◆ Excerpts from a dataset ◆
• • • •
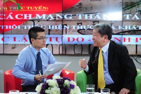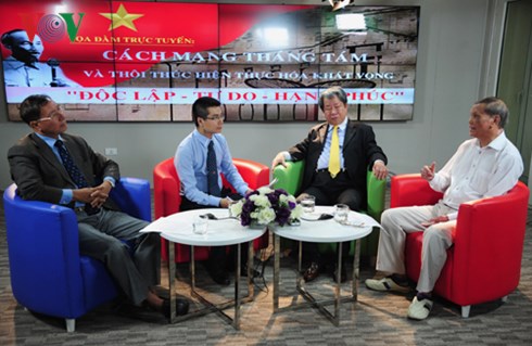 Chiều 28/8, tại Hà Nội, Báo điện tử VOV (VOV.VN) đã tổ chức cuộc tọa đàm với chủ đề "Cách mạng Tháng Tám và thôi thúc hiện thực hóa khát vọng "Độc lập - Tự do - Hạnh phúc". Ba vị khách mời tham gia chương trình là: PGS.TS Phạm Xanh (Khoa Lịch sử - Đại học Khoa học xã hội và Nhân văn, ĐHQG Hà Nội); ông Nguyễn Trần Bạt, Chủ tịch, Tổng Giám đốc Công ty Invest Consult Group (chuyên về tư vấn đầu tư và kinh doanh) và ông Nguyễn Quang Khai, nguyên Đại sứ Việt Nam tại một số nước thuộc Trung Đông.
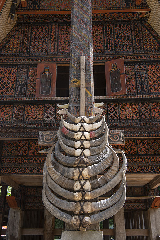 スラウェシ島、South Sulawesi地方、Tana Toraja。伝統的な様式の家屋(トンコナン)の正面に飾られた水牛の角。
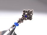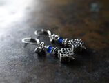 エンドレスノットとブルーアンティークビーズ、インドシルバーの小さな鈴のピアス
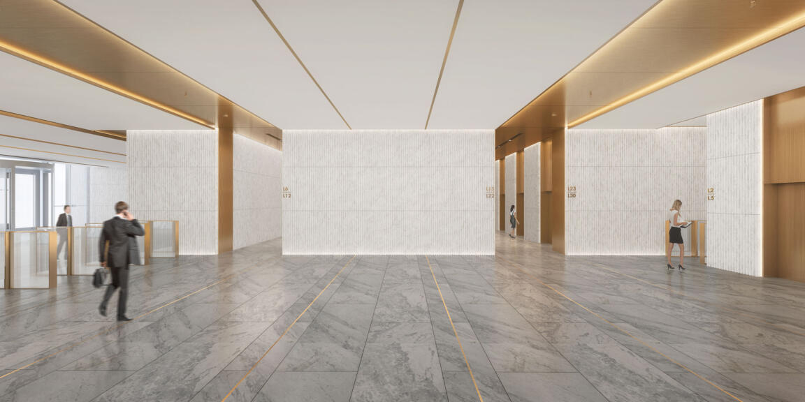 Public interiors continue the upscale contemporary language into the twin tower zones: two grand ground floor lobbies create a newly invigorated entrance experience to the prime office spaces, with the elegant, bright design theme extending into the public zones of all office floors.
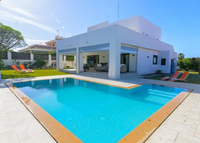 A Villa Monaco Conil De La Frontera By Ruralidays 2 km-re van a Torre del Puerco területétől és egy 3 hálószobás ingatlant kínál terasszal. Kávé/teafőzővel, nagy sebességű internettel és műholdas TV-vel ellátott szobákat foglal magába, mellette pedig egy teljesen felszerelt konyhát mikrohullámú sütővel, hűtővel és konyhai edényekkel.
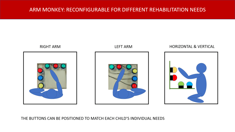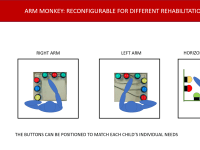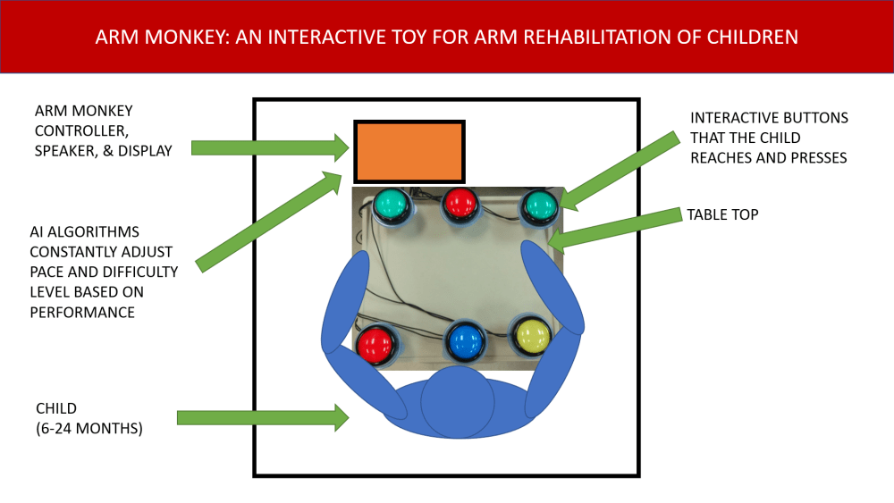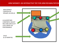 Arm Monkey is part toy, part exercise machine, that makes rehabilitation fun for infants and toddlers (6-24 months). It is aimed towards providing arm rehabilitation for young children with neuromuscular conditions that can be improved with arm exercises. Arm Monkey consists of a system of colorful buttons placed in front of the child. The buttons are movable and can be positioned to best suit a child’s body size and rehabilitation needs. Then with a series of activities full of sounds, music, and lights, the Arm Monkey takes the child on an adventure, encouraging her/him to push different buttons. A button that needs to be pressed will light up along with sound and musical cues. Once the child moves his/her arm and presses the button, he/she receives rewarding audio/visual cues from Arm Monkey. In this adventure, the pace of the game picks up as the child progresses through the game. Artificial Intelligence algorithms in Arm Monkey continuously monitor the progress of the child and adapt the pace and difficulty level to the child’s level of performance…constantly challenging, but not frustrating the child…nudging him/her to continuously improve.
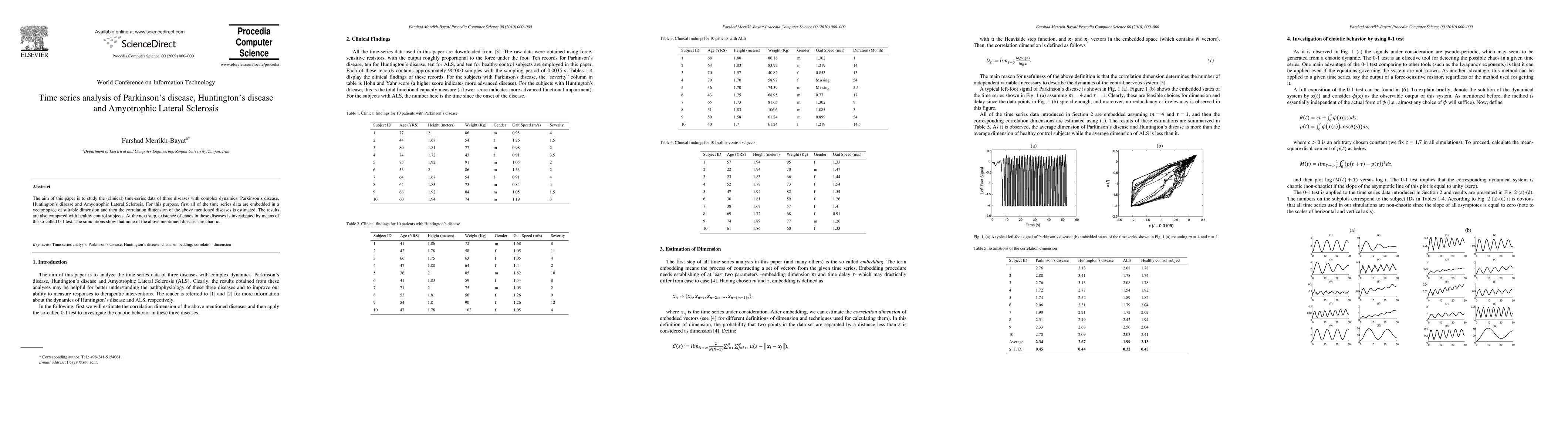 The aim of this paper is to study the (clinical) time-series data of three diseases with complex dynamics: Parkinson's disease, Huntington's disease and Amyotrophic Lateral Sclerosis. For this purpose, first all of the time series data are embedded in a vector space of suitable dimension and then the correlation dimension of the above mentioned diseases is estimated. The results are also compared with healthy control subjects. At the next step, existence of chaos in these diseases is investigated by means of the so-called 0-1 test. The simulations show that none of the above mentioned diseases are chaotic.
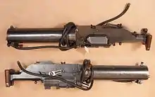 Until these synchronization problems had been overcome, it was not uncommon to see the Schwarzlose deployed in a removable forward firing Type-II VK gun container which had been developed by the Luftfahrtruppe's Versuchs Kompanie at Fischamend. The Type-II VK, which received the macabre nickname 'baby coffin' due to its shape, is remarkable in that it was possibly the first example of what today would be called a gun pod.[15] It was usually mounted on the centerline of the upper wing of Austro-Hungarian fighters and two-seat combat aircraft during the early phases of World War I and remained in use on two-seat combat aircraft until the end of the war. In its role as an aircraft weapon, the Schwarzlose was initially used unmodified — other than that the distinctive cone shaped flash-hider seen on most of the infantry weapons was removed. The Schwarzlose was further modified for aircraft use, much as the German Empire's own lMG 08 Spandau ordnance had been modified early in 1915, by cutting slots into the water jacket's sheetmetal to facilitate air cooling. In 1916, the water jacket was removed entirely, and the resulting weapon was re-designated as the Schwarzlose MG-16 and MG-16A when fitted with a stronger spring and a blowback enhancer to increase the gun's cyclic rate, which was eventually brought up to 880 rounds per minute in some versions of the MG-16A. As a defensive ring-mounted gun, the Schwarzlose usually retained its normal twin firing handles and trigger button, although some MG-16 aircraft guns were fitted with enlarged pistol-shaped handles and a handgun-style trigger. All ring-mounted defensive guns were equipped with specialized sights and a box for the ammunition belt, which allowed quick and trouble-free reloading. After the end of World War I, the Schwarzlose saw limited use as an aircraft gun with various East European air forces. The best-known post-war operator of the Schwarzlose was probably the Polish air force, who acquired and used significant numbers of surplus Austro-Hungarian aircraft and used them against Soviet forces during the Polish-Soviet War. The Schwarzlose was, however, quickly phased out of service as an aircraft weapon when more suitable equipment became available.[16]
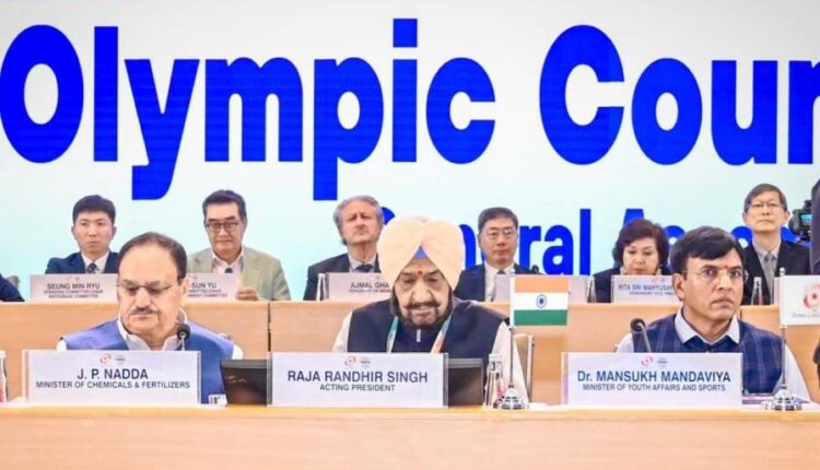 New Delhi, September 8th 2024: Former Indian shooter and veteran sports administrator Raja Randhir Singh was officially elected unopposed as the first Indian President of the Olympic Council of Asia at the 44th Olympic Council of Asia General Assembly at the Bharat Mandapam, Pragati Maidan in New Delhi on Sunday. Union Minister of Health and Family Welfare and Union Minister of Chemicals and Fertilizers JP Nadda, Union Minister of Youth Affairs and Sports, Dr. Mansukh Mandaviya, Minister of State for Youth Affairs & Sports, Smt. Raksha Nikhil Khadse, and Indian Olympic Association President P T Usha, were also in attendance along with sports leader from all 45 Asian countries.
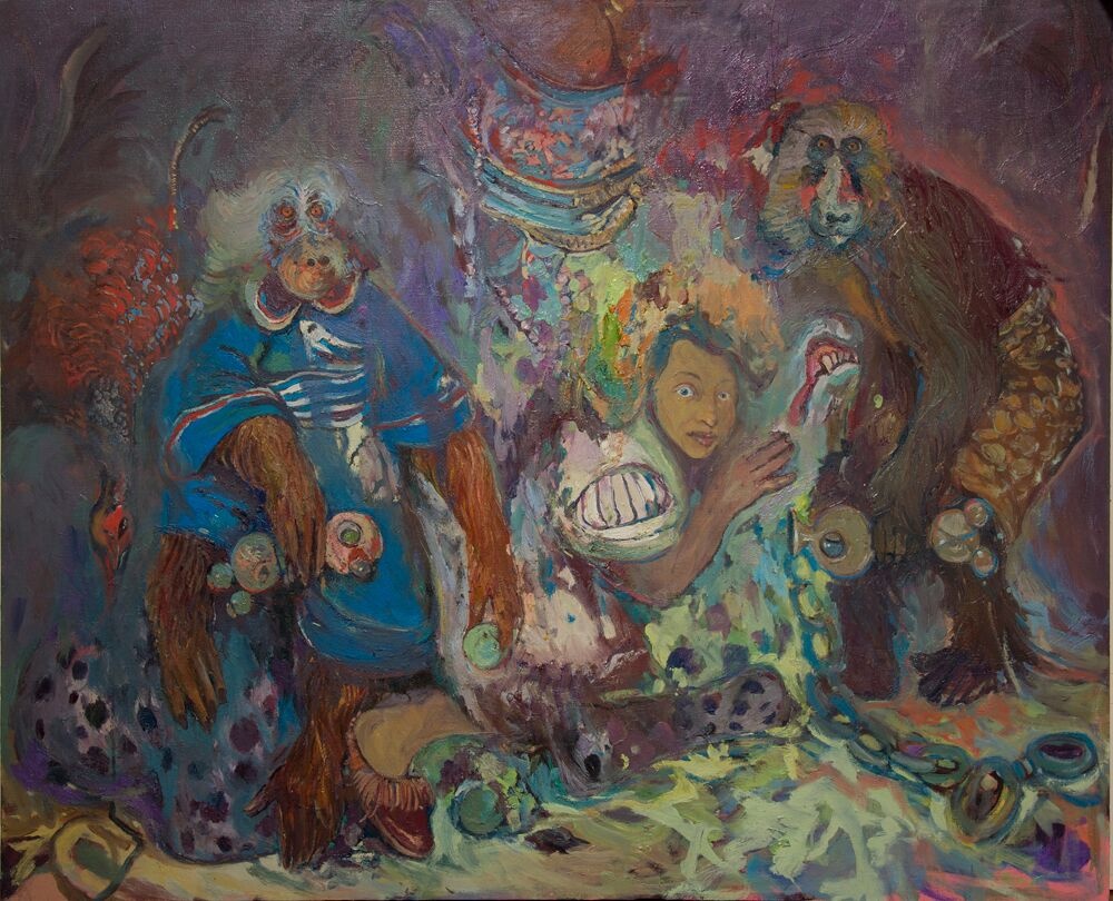 "Umetnik verjame, da obstaja vzporedno več svetov, ki so lahko prav tako resnični, kot je resnična fizična dimenzija. Pravi, da obstajajo svetovi, ki jih ustvarjata umetnost in literatura. Resničnost, ki je ustvarjena na njegovih slikah, razume kot dejstvo. Figura in barva sta ključna elementa njegovega slikarstva. Svet njegovih slik je poln teatralnosti in je postavljen na glavo. V svoji umetnosti se osredotoča na človeka in to, kar je človeško. Pošastnost, ki jo nemalokrat začutimo v njegovih upodobitvah klovnov, izhaja ravno iz majhnosti človeškega uma. Osebe na slikah so ekscentrične, večbarvne in se gibljejo onkraj dolgočasja. Pomembno vlogo v njegovem slikarstvu imajo tudi živali, ki v slike vnašajo dodatno izraznost, zato so njegovi liki velikokrat skupek človeškega in živalskega, kot npr. mož s petelinjo glavo, oseba s konjsko glavo ali z zajčjimi ušesi. Obrazi so ekspresivni, in kot da se zavedajo resničnosti, strmijo v nas z grozečimi očmi. Pravi, da vsako sliko začne delati, kot da gre na neko novo potovanje, in nikoli ne ve, kam ga bo to pripeljalo," je zapisala kustosinja razstave Petra Bizilj Silva.
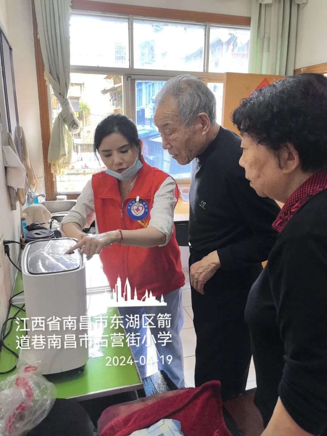4月19日,省胸科医院小组志愿者在东湖区马家池社区开展入户探访、家庭用氧指导等志愿服务。
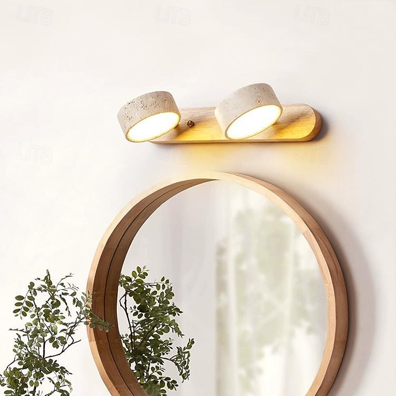 Wood Wall Sconce Wall Light Vanity Light with Rotatable Cylinder Lampshade Over Mirror Wall Lighting 110-240V 1
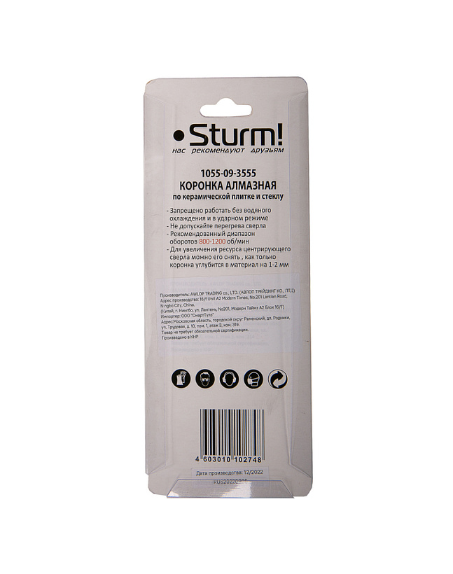 Коронка алмазн. По керам. Плитке и стеклу 35 х 55 мм с центрир. Сверл. Sturm!
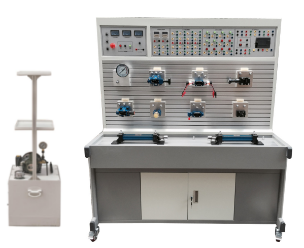 1、液壓與氣壓傳動(dòng)PLC控制綜合實(shí)訓裝置由實(shí)訓臺、實(shí)訓桌、電源模塊、PLC電氣控制模塊、繼電器控制模塊、控制按鈕模塊、時(shí)間繼電器模塊、液壓泵站、液壓元件、氣泵、氣動(dòng)元件等組成。
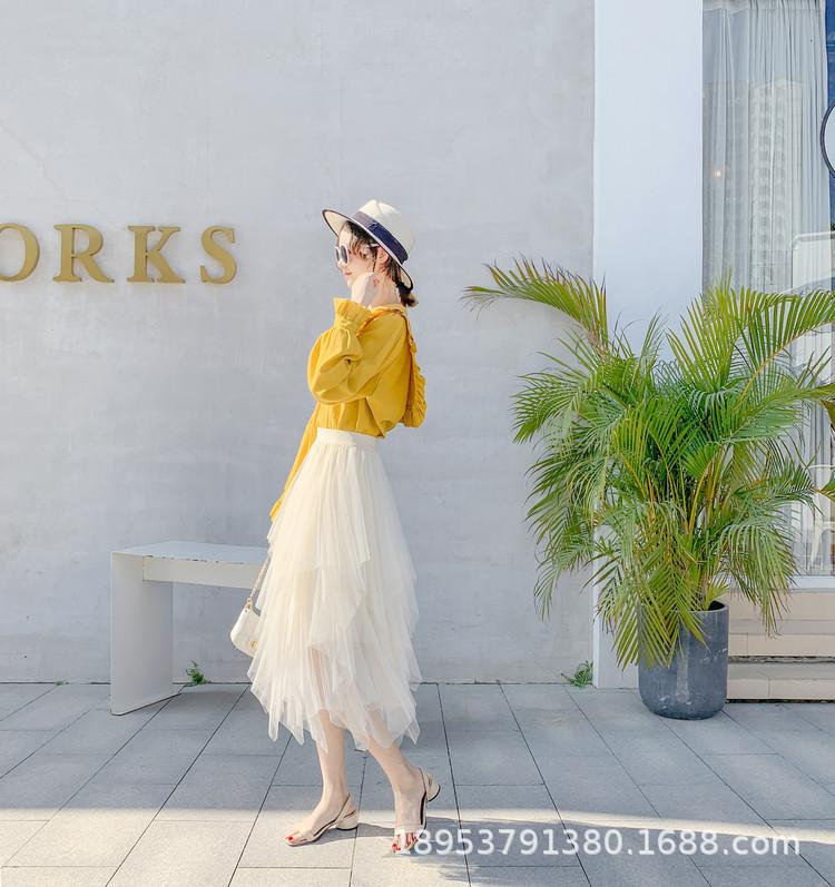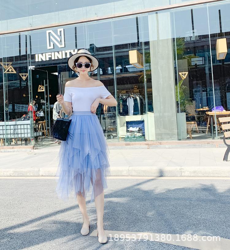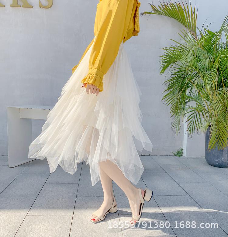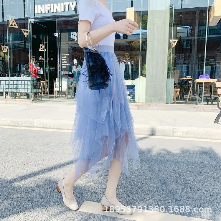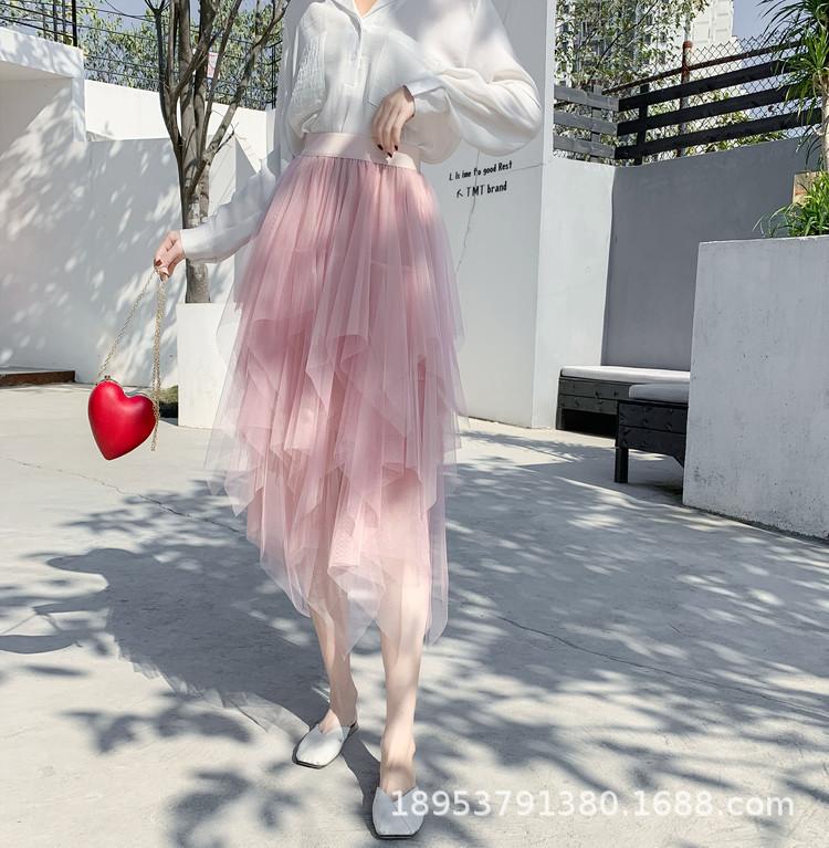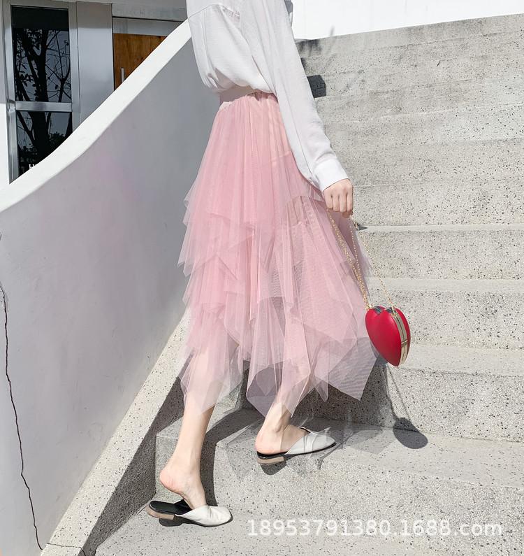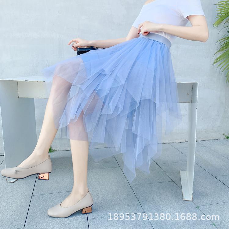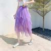 Falda de malla irregular para mujer, de longitud media, estilo nuevo de primavera 2023, con velo, cintura alta y combinable, 7778
• • • •
◆ Work instructions ◆
Leave the pictures out, and transcribe exactly the lines above starting at the one that contains "New Delhi, September" and ending at the one that contains "Wood Wall Sconce".

◆ Result below ◆
 New Delhi, September 8th 2024: Former Indian shooter and veteran sports administrator Raja Randhir Singh was officially elected unopposed as the first Indian President of the Olympic Council of Asia at the 44th Olympic Council of Asia General Assembly at the Bharat Mandapam, Pragati Maidan in New Delhi on Sunday. Union Minister of Health and Family Welfare and Union Minister of Chemicals and Fertilizers JP Nadda, Union Minister of Youth Affairs and Sports, Dr. Mansukh Mandaviya, Minister of State for Youth Affairs & Sports, Smt. Raksha Nikhil Khadse, and Indian Olympic Association President P T Usha, were also in attendance along with sports leader from all 45 Asian countries.
 "Umetnik verjame, da obstaja vzporedno več svetov, ki so lahko prav tako resnični, kot je resnična fizična dimenzija. Pravi, da obstajajo svetovi, ki jih ustvarjata umetnost in literatura. Resničnost, ki je ustvarjena na njegovih slikah, razume kot dejstvo. Figura in barva sta ključna elementa njegovega slikarstva. Svet njegovih slik je poln teatralnosti in je postavljen na glavo. V svoji umetnosti se osredotoča na človeka in to, kar je človeško. Pošastnost, ki jo nemalokrat začutimo v njegovih upodobitvah klovnov, izhaja ravno iz majhnosti človeškega uma. Osebe na slikah so ekscentrične, večbarvne in se gibljejo onkraj dolgočasja. Pomembno vlogo v njegovem slikarstvu imajo tudi živali, ki v slike vnašajo dodatno izraznost, zato so njegovi liki velikokrat skupek človeškega in živalskega, kot npr. mož s petelinjo glavo, oseba s konjsko glavo ali z zajčjimi ušesi. Obrazi so ekspresivni, in kot da se zavedajo resničnosti, strmijo v nas z grozečimi očmi. Pravi, da vsako sliko začne delati, kot da gre na neko novo potovanje, in nikoli ne ve, kam ga bo to pripeljalo," je zapisala kustosinja razstave Petra Bizilj Silva.
4月19日,省胸科医院小组志愿者在东湖区马家池社区开展入户探访、家庭用氧指导等志愿服务。
 Wood Wall Sconce Wall Light Vanity Light with Rotatable Cylinder Lampshade Over Mirror Wall Lighting 110-240V 1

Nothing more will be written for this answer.